Rain, 100% rain, who knew that Kanazawa was known for rain. Our guide told us the saying goes,”You can forget your lunch, but don’t forget your umbrella.” The hotel lent us see through umbrellas, I have never been so glad to have one that came down past my shoulders. Torrential downpours as we walked through the streets of the Geisha section of Kanazawa. This is also know as one of the best places to see artisans work. Our guide spoke excellent English having worked as an ambassador to the Empress. She seemed delighted to be leading us down the narrow streets in the pouring rain, pointing out different houses from different eras. As if there was not enough water on the streets already, they have these small round steel circles squirting water out of them. They were like small springing fountains squirting water out the sides creating just enough water to make sure the tops of your shoes throughly soaked. I was told they were testing these to make sure they worked for the winter snow. Because the ground water is a warmer temperature than the outside, it melts the snow. I wonder what it would be like to have these in Stowe. Somehow I can’t see it working, just creating a skating rink on our sidewalks.
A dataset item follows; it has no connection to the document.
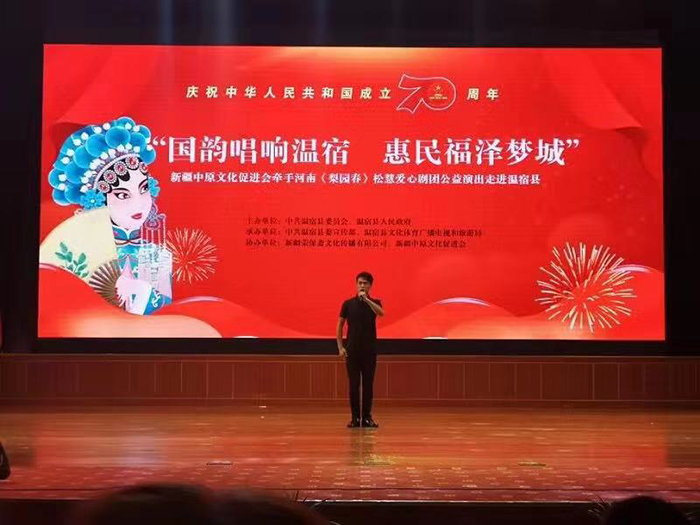 粉墨缤纷,同唱梨园欢歌;霓裳锦绣,迢迢友谊长河。8月24日,由中共温宿县委、县政府主办的庆祝中华人民共和国成立70周年“梨园唱响温宿 惠民福泽梦城”河南《梨园春》松慧爱心剧团文化惠民演出在新疆温宿县文化艺术中心火热上演。浓郁的地方色彩、朴实的生活气息、鲜明的时代精神深深吸引着现场观众,掌声如雷的现场为此次阿克苏地区系列惠民演出划上了圆满的句号。

Despite the fact it was raining, we managed to enjoy the area. She assured us we were good and early because soon the tourists would be coming despite the rain and we would not be able to take pictures. This is a busy tourist season. Sure enough, by 10:00 the buses had arrived and people were roaming the streets fighting for room for their umbrellas. We were on our way out of the area at this time to go to an artist who painted designs for kimonos on silk.

Up a narrow staircase in the artists house, we opened a door to his studio to see the most magnificent kimono hanging on the wall. He greeted us and began to explain how he painted the silk. First he drew ideas as a concept, then folded paper in a kimono shape and created the design on the small paper kimono. Once he had approval from his client, he drew the design on a life size paper kimono making sure that each design would fit with each panel of the kimono. Then he began to draw with a paste on the silk. The paper design is below him and he has a light which allows the silk to be transparent so he can see his design below. He begins painting using commercial dyes, holding the brush straight up. He is able to paint without the paint running into the next part of the design because the paste prevents the ink from running. Both Shap and I tried our hand at it. It is tedious and if I sat on the bench he sat with his legs folded I am sure I would not be able to unwind myself at the end of the day. He says he works 12 hours a day. Oh think of the cramps.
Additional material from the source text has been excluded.